Summary and Schedule

This lesson is about Interoperability in Climate and Atmospheric Sciences. The value of scientific data depends not only on its scientific content but on how easily it can be found, accessed, integrated, and reused by others, whether they are human researchers or automated computational workflows.

This course focuses on how to create first-class research outputs using the NetCDF format and publishing them through the 4TU.ResearchData repository. First class datasets means

easily found through rich, machine-actionable metadata,
reliably accessed using open standards and stable identifiers,
seamlessly integrated with other datasets and
semantically understood by humans and machines

The main message of this lesson is that datasets do not interoperate by themselves; systems interoperate through data that is structured, documented, standardized, and semantically well described.
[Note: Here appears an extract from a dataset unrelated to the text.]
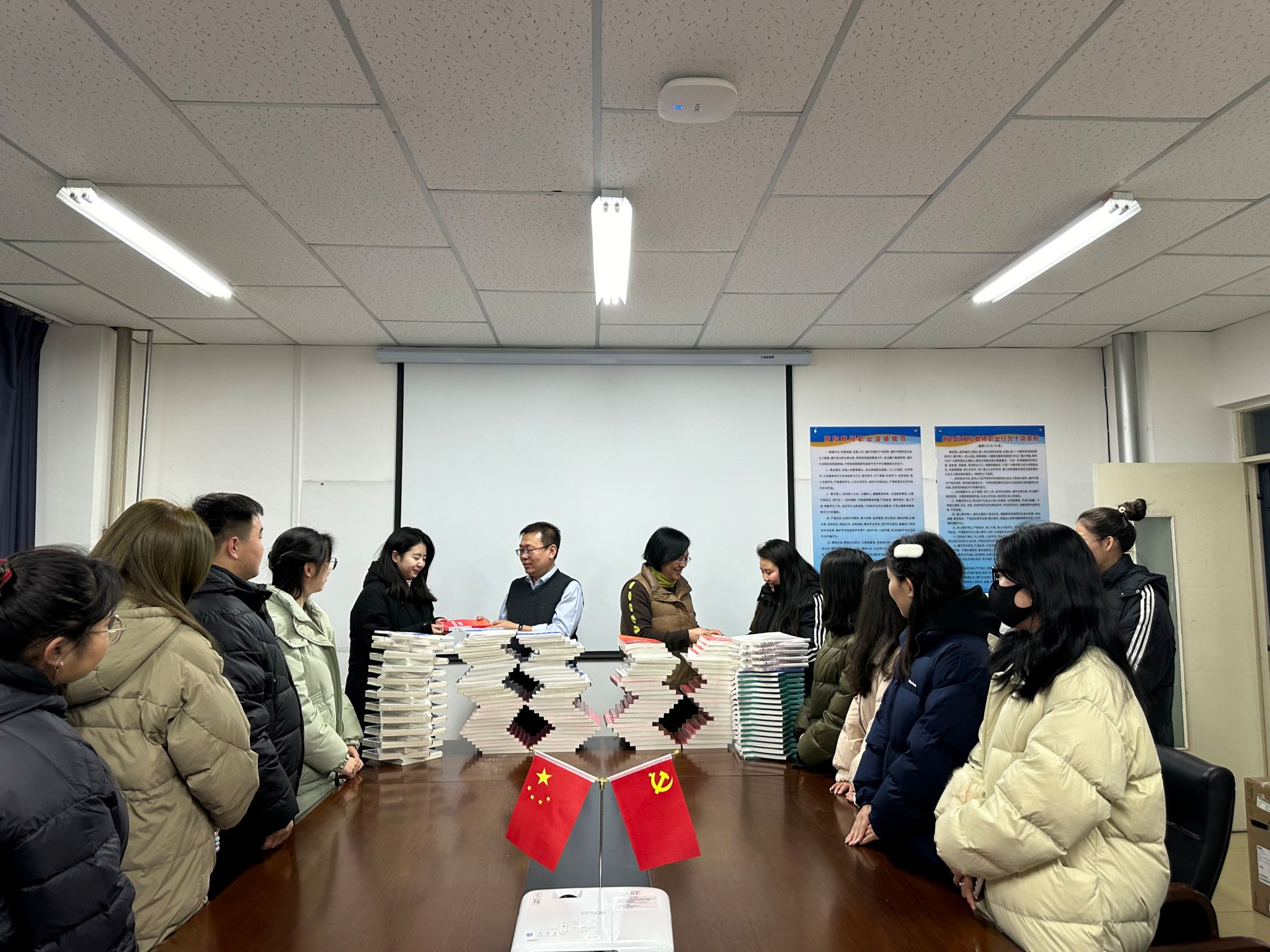 此次活动不仅为同学们带来了寒冬里的一丝温暖,赠送的书籍种类也很多,包括公考历年真题解析、公考教材、公考时政热点1200题、时政理论、选调生考试用书、三支一扶备考材料等400余本。同学们纷纷表示,他们也会继续努力,不辜负学院的殷切期望。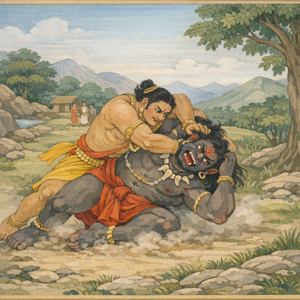 Vaiśampāyana said: Gripping the demon by the cloth at his waist with his left hand, the Pāṇḍava pressed down upon his back with his knee and seized his neck with his right hand. With overpowering force he bent the rākṣasa double, while the creature screamed in a terrifying roar—an image of brute violence being restrained by superior strength in the service of protection and righteous order.

A technically available dataset may still be hard to reuse if its formats, metadata, identifiers, units, vocabularies, and schema are unclear or idiosyncratic. When these elements follow shared standards, the dataset becomes interoperable in the FAIR sense: it can be interpreted and reused across tools, repositories, notebooks, dashboards, cloud workflows, and AI pipelines with far less manual repair.

Target audience

This lesson is intended for researchers in the climate and atmospheric sciences who handle multidimensional NetCDF datasets and intend to make their data and software more reusable by others.

Ash’s challenge: combining climate data for rainfall and drizzle research

Ash is studying the spatial and temporal distribution of rainfall and drizzle in Europe. She wants to compare climate model output with satellite observations, urban sensor measurements, radar or aircraft observations, national meteorological datasets, and datasets deposited in research repositories.

At first, the data ecosystem looks rich. She can search across platforms such as Copernicus Climate Data Store, NASA EarthData, the KNMI Data Platform, and 4TU.ResearchData. Many datasets are open, downloadable, and described online. Some platforms provide climate model output, others provide satellite products, national weather observations, radar composites, or research datasets deposited by individual research groups.

At 4TU.ResearchData, Ash finds a dataset from the IRCTR Drizzle Radar (IDRA). IDRA is a high-resolution, polarimetric X-band radar developed by TU Delft and located at the Cabauw experimental site in the Netherlands. It is designed to observe low-reflectivity precipitation such as drizzle and light rain within a local observation radius. This makes it highly relevant for Ash’s research question, because drizzle is often difficult to capture consistently across different observation systems.

Callout

Here, you can find real time measurements by IDRA.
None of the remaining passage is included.